What is required: When you reach the line containing "Bound Football Jersey" in the records below, start copying exactly, and stop once you have copied the line containing "Cho phép ghi".

Dataset entries:
▬▬▬▬▬▬

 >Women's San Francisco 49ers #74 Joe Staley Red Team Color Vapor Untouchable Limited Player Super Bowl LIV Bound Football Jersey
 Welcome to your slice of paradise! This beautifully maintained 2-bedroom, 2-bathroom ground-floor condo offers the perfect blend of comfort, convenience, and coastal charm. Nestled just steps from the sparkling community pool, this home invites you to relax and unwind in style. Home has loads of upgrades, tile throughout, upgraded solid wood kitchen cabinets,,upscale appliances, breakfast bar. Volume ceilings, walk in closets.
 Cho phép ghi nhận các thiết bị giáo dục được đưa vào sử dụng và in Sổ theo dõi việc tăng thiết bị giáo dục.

▬▬▬▬▬▬

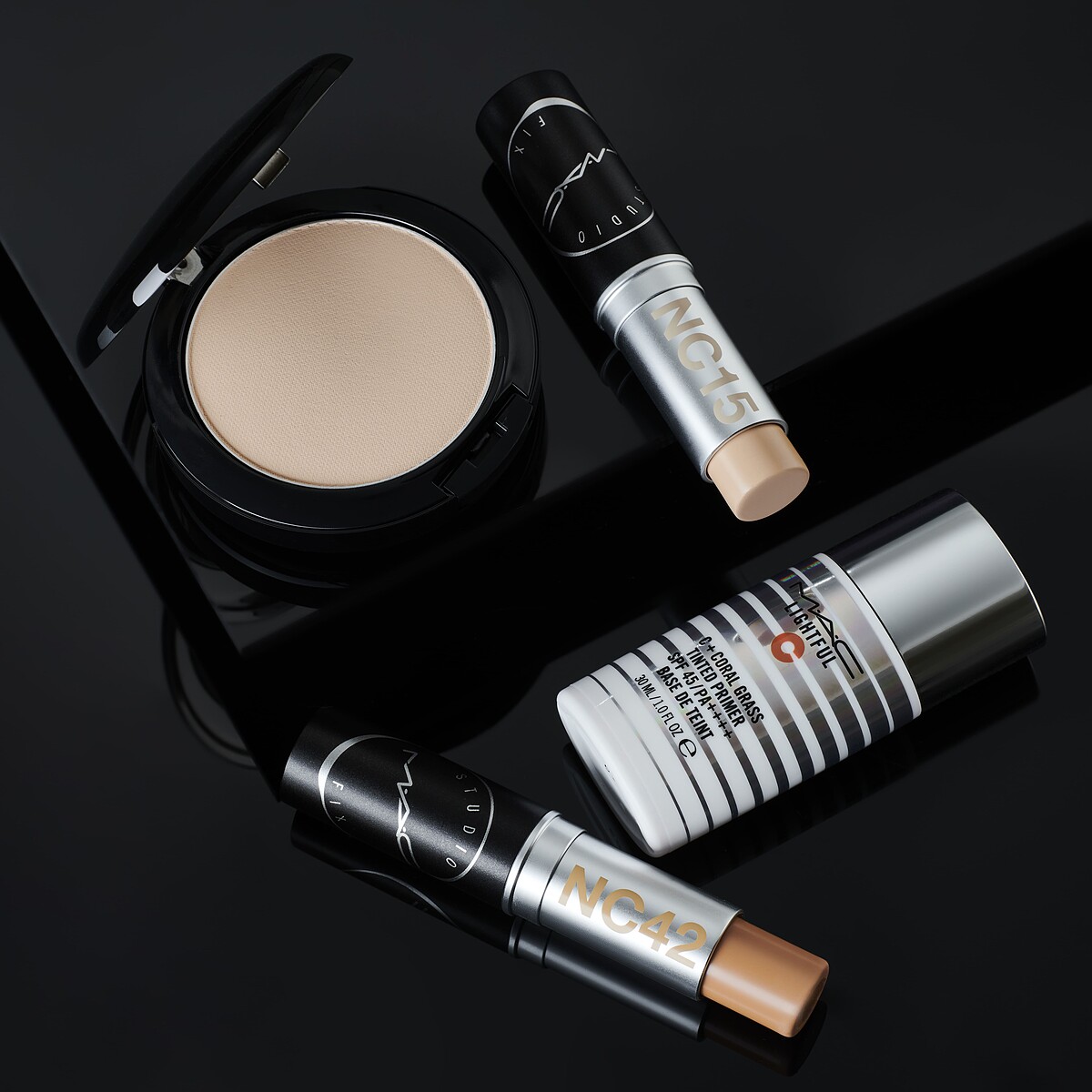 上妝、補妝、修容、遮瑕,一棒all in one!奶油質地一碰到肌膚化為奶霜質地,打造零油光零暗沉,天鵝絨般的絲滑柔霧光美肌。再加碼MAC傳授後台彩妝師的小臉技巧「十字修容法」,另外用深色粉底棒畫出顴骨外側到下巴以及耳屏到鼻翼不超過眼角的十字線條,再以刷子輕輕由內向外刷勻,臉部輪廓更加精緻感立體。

▬▬▬▬▬▬

Your solution:
 >Women's San Francisco 49ers #74 Joe Staley Red Team Color Vapor Untouchable Limited Player Super Bowl LIV Bound Football Jersey
 Welcome to your slice of paradise! This beautifully maintained 2-bedroom, 2-bathroom ground-floor condo offers the perfect blend of comfort, convenience, and coastal charm. Nestled just steps from the sparkling community pool, this home invites you to relax and unwind in style. Home has loads of upgrades, tile throughout, upgraded solid wood kitchen cabinets,,upscale appliances, breakfast bar. Volume ceilings, walk in closets.
 Cho phép ghi nhận các thiết bị giáo dục được đưa vào sử dụng và in Sổ theo dõi việc tăng thiết bị giáo dục.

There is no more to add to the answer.